We built a bidirectional file sync layer that keeps the Monaco editor state and the WebContainer filesystem in lockstep. Edits in the editor are debounced and written to the container; changes from the container (like code generation) are polled back every three seconds.

Runtime 2: Pre-Warmed Docker Containers for Backend Languages

For the 23 backend languages we support — Python, JavaScript, TypeScript, Go, Rust, C, C++, Java, Ruby, Bash, PHP, C#, Kotlin, Swift, Perl, Lua, R, Dart, SQL, Haskell, Elixir, Zig, and Assembly — code runs in Docker containers on our servers.

The naive approach would be to start a container per execution request. Even with lightweight images, `docker run` adds 500ms to 1s of overhead. Multiply that across thousands of requests and the experience degrades fast.

Instead, we maintain a pre-warmed container pool. Here is how it works:

| Stage | What Happens | Time |

|-------|-------------|------|

| Boot | Background process keeps N containers warm per language | 0ms (already running) |

| Inject | Code is base64-encoded and written to the container's tmpfs | ~10ms |

| Execute | Container runs the code with strict resource limits | Varies by language |

| Recycle | Container is destroyed after single use; pool replenishes | Async |

Containers are single-use. After one execution, they are destroyed and replaced. This eliminates any risk of state leaking between users and keeps the filesystem clean.

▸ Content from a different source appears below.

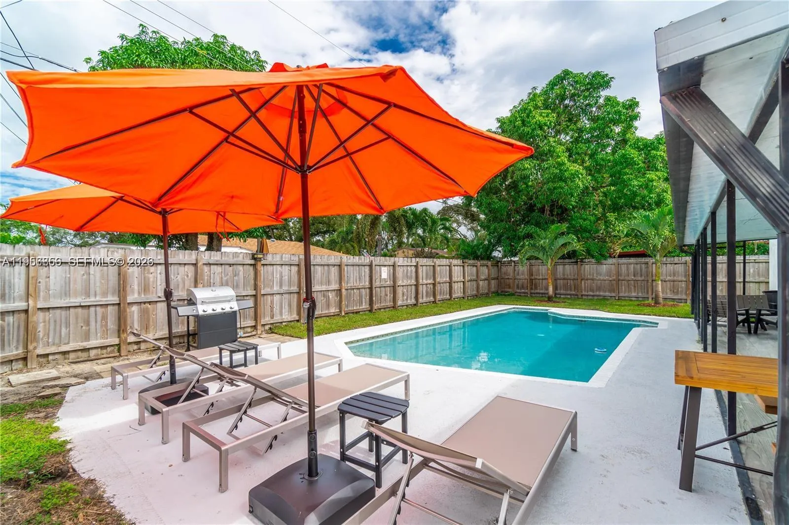 Gorgeous and fully remodeled home with 5 Bed 2 Bath, pool, and a cozy shaded front porch! Bright and ample living and dining room overlooking the pool. A large open kitchen with brand new stainless steel appliances, wine cooler, granite countertops, and plenty of pantry space. Beautiful tile flooring all around and new high-impact sliding doors and replacement windows all around. Large laundry room excellent for extra storage. Brand new roof and tankless water heater. The house is completely fenced for privacy in this ample yard. Available now fully furnished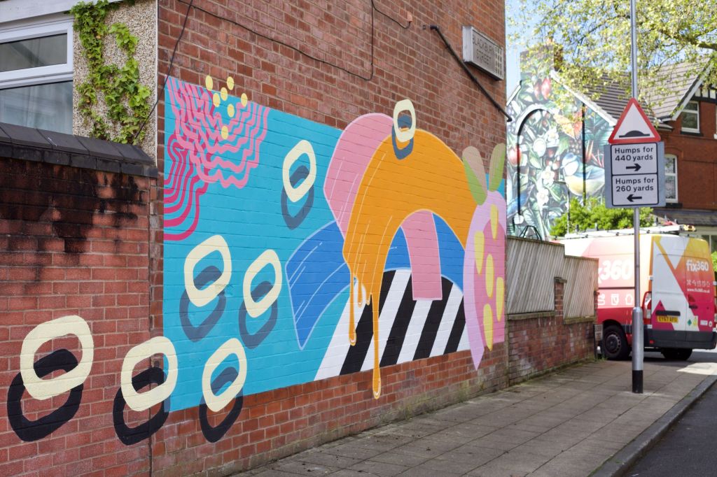 With five murals painted directly onto local residents’ houses and a convenience store, the sixth, Together We Are One by Robert Lomas and Becki Miller, resides on a wall in Seymour Park. The mural design features bold colourful letters that form the word ‘Together’. Each letter design is unique and connected to each other to celebrate the diverse communities that live in Old Trafford.

The pool scales dynamically based on demand. If Python requests spike, we warm more Python containers. If Haskell is quiet, we keep the minimum.

Redis Caching for Deterministic Code

A surprising number of execution requests are identical. Students working through the same tutorial, developers testing the same snippet from a blog post, or someone hitting "Run" repeatedly without changing their code.

We cache results in Redis using a SHA-256 hash of the code, language, and version as the key. Cache entries have a one-hour TTL.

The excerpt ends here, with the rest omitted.